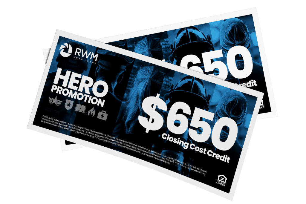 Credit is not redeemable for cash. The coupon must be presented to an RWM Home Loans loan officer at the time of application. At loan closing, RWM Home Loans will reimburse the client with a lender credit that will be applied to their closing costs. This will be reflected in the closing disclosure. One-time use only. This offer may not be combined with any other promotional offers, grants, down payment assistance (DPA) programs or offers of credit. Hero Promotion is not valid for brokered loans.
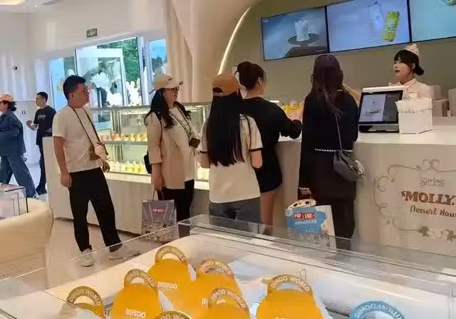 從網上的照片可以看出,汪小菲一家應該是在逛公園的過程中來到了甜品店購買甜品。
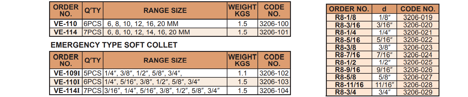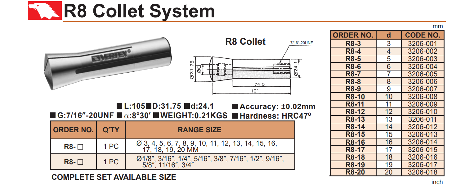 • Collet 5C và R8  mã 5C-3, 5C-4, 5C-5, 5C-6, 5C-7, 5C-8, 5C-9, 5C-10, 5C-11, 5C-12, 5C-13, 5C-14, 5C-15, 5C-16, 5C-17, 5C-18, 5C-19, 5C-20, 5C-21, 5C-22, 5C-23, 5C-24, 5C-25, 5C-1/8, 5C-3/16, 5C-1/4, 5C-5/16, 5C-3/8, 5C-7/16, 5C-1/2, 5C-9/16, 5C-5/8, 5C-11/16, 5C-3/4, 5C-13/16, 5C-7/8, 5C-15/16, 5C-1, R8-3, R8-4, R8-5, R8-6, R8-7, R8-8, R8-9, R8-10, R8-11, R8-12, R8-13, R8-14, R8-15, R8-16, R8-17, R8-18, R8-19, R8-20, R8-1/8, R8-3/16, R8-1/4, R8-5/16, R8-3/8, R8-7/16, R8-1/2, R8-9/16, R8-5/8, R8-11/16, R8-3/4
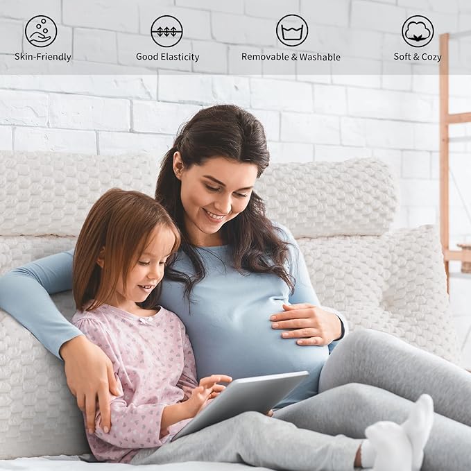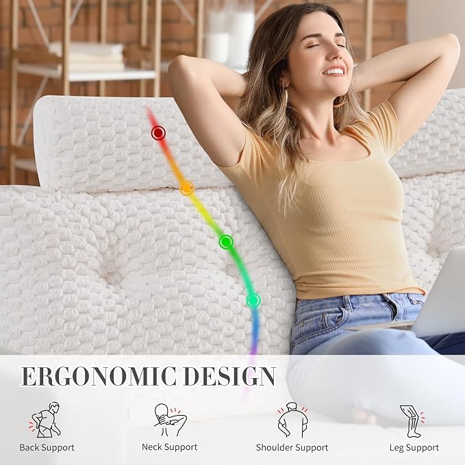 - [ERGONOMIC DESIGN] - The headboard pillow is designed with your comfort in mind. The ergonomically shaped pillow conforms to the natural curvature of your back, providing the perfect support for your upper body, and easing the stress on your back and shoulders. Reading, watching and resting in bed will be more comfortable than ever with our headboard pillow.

---

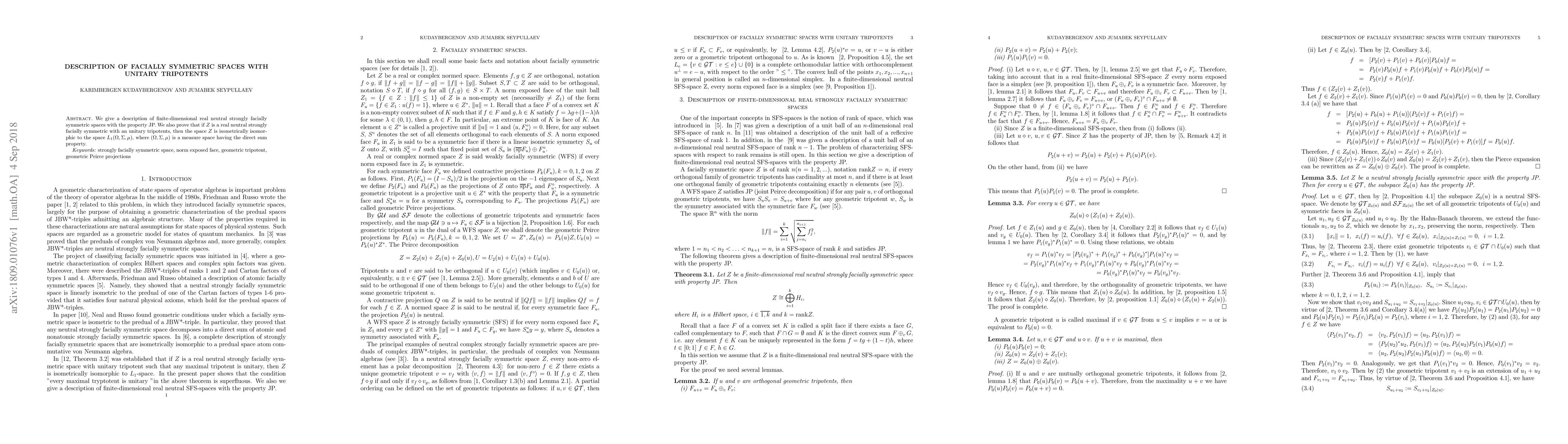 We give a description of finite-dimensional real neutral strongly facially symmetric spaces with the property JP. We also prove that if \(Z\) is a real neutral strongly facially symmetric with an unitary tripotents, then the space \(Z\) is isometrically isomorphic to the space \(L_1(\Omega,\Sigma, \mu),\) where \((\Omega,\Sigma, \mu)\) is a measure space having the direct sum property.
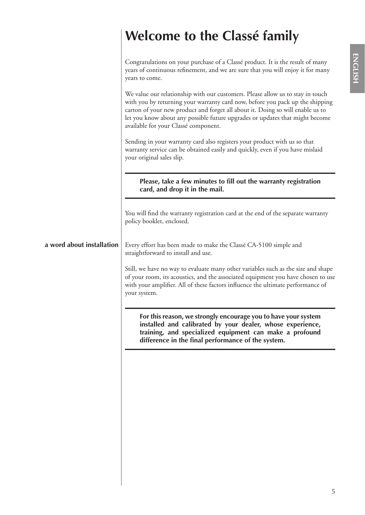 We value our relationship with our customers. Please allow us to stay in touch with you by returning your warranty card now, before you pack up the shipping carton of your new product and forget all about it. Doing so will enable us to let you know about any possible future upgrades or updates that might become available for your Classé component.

Task instructions: In the listing above, find the line containing "Credit is not". Output it and every line after it up to and including the line containing "從網上的照片可以看出,汪小菲一家應該是在逛公園的過程中來到了甜品店購買甜品。", exactly, but skip the pictures.

Response to the exercise:
 Credit is not redeemable for cash. The coupon must be presented to an RWM Home Loans loan officer at the time of application. At loan closing, RWM Home Loans will reimburse the client with a lender credit that will be applied to their closing costs. This will be reflected in the closing disclosure. One-time use only. This offer may not be combined with any other promotional offers, grants, down payment assistance (DPA) programs or offers of credit. Hero Promotion is not valid for brokered loans.
 從網上的照片可以看出,汪小菲一家應該是在逛公園的過程中來到了甜品店購買甜品。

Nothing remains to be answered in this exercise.